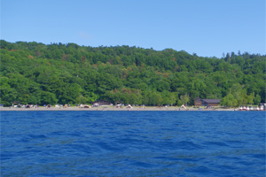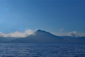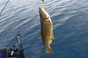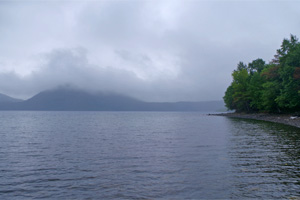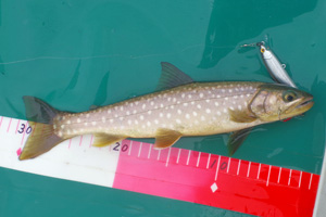 そして、最も釣れる可能性の高い午前の時間帯に期待して、翌31日は早朝7時前から出漁しました。ところが、天気予報が大きく外れ、朝からどんよりと暗く小雨の降る日でした。こういった急に天候の悪化した日は、たとえ真夏と言えど、レイクトローリングには厳しいのです。案の定、前日と比べると魚の反応は極めて乏しく、なんとか小アメマスは釣り上げたものの、ブラウントラウトはどこへやら。結局、5時間もルアーを流し続けたものの、釣果はアメマス1尾と、巨大なうぐい君が1尾だけ。支笏湖は修行の湖と呼ばれますが、正にこの日は修行そのものでした。
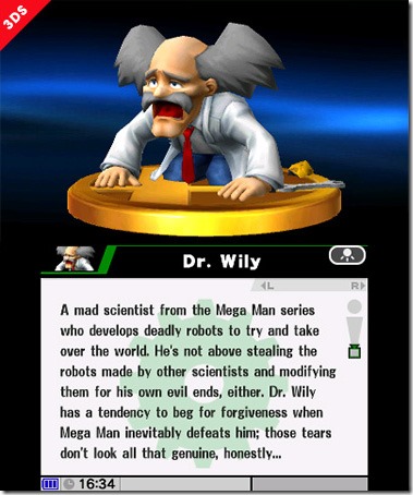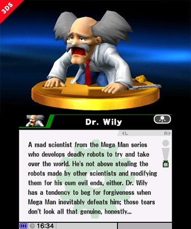 Mega Man’s Dr. Wily is one of the trophies in Super Smash Bros., director Masahiro Sakurai revealed over Miiverse last night. In fact, Sakurai said, the number of trophies in the new game is seeing an increase over Super Smash Bros. Brawl. “You can rotate the trophies by drawing circles on the bottom screen,” Sakurai wrote on Miiverse. “Super Smash Bros. Brawl had tons of trophies, but rumor has it that the 3DS version alone may have more than Brawl. Looks like the Dr. Wily that we made from scratch for the 3DS version is on his knees in disbelief.” Sakurai added in a follow-up comment: “Here’s something new—the trophy shop. If you’re having a hard time getting certain trophies, why not just buy them? They sometimes go on sale, too.” ![]()
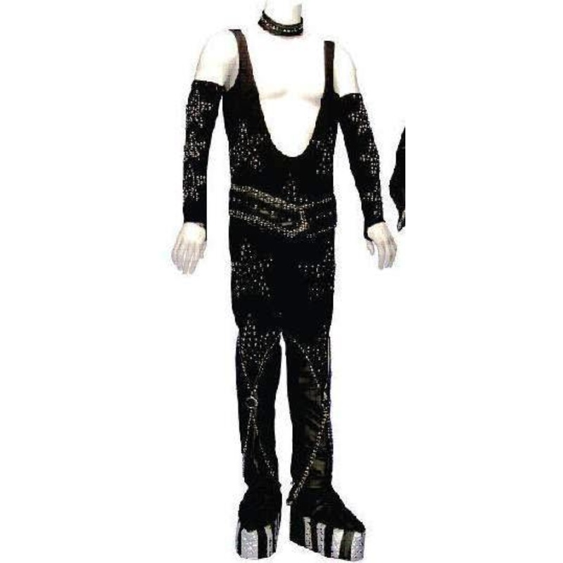 Includes: Black Stretch jumpsuit/leotard with silver star-patterned studs, silver studded choker collar with back velcro closure, matching silver stud star pattern glovelets, faux leather belt accented with silver studs, black poly-foam padded vinyl boot covers with silver stud and chain accents designed to look like platform boots.

+ + + +

§ EXERCISE:
Give back the full listing exactly, with pictures dropped.

§ ANSWER FOR THIS EXERCISE:
 そして、最も釣れる可能性の高い午前の時間帯に期待して、翌31日は早朝7時前から出漁しました。ところが、天気予報が大きく外れ、朝からどんよりと暗く小雨の降る日でした。こういった急に天候の悪化した日は、たとえ真夏と言えど、レイクトローリングには厳しいのです。案の定、前日と比べると魚の反応は極めて乏しく、なんとか小アメマスは釣り上げたものの、ブラウントラウトはどこへやら。結局、5時間もルアーを流し続けたものの、釣果はアメマス1尾と、巨大なうぐい君が1尾だけ。支笏湖は修行の湖と呼ばれますが、正にこの日は修行そのものでした。
 Mega Man’s Dr. Wily is one of the trophies in Super Smash Bros., director Masahiro Sakurai revealed over Miiverse last night. In fact, Sakurai said, the number of trophies in the new game is seeing an increase over Super Smash Bros. Brawl. “You can rotate the trophies by drawing circles on the bottom screen,” Sakurai wrote on Miiverse. “Super Smash Bros. Brawl had tons of trophies, but rumor has it that the 3DS version alone may have more than Brawl. Looks like the Dr. Wily that we made from scratch for the 3DS version is on his knees in disbelief.” Sakurai added in a follow-up comment: “Here’s something new—the trophy shop. If you’re having a hard time getting certain trophies, why not just buy them? They sometimes go on sale, too.” ![]()
 Includes: Black Stretch jumpsuit/leotard with silver star-patterned studs, silver studded choker collar with back velcro closure, matching silver stud star pattern glovelets, faux leather belt accented with silver studs, black poly-foam padded vinyl boot covers with silver stud and chain accents designed to look like platform boots.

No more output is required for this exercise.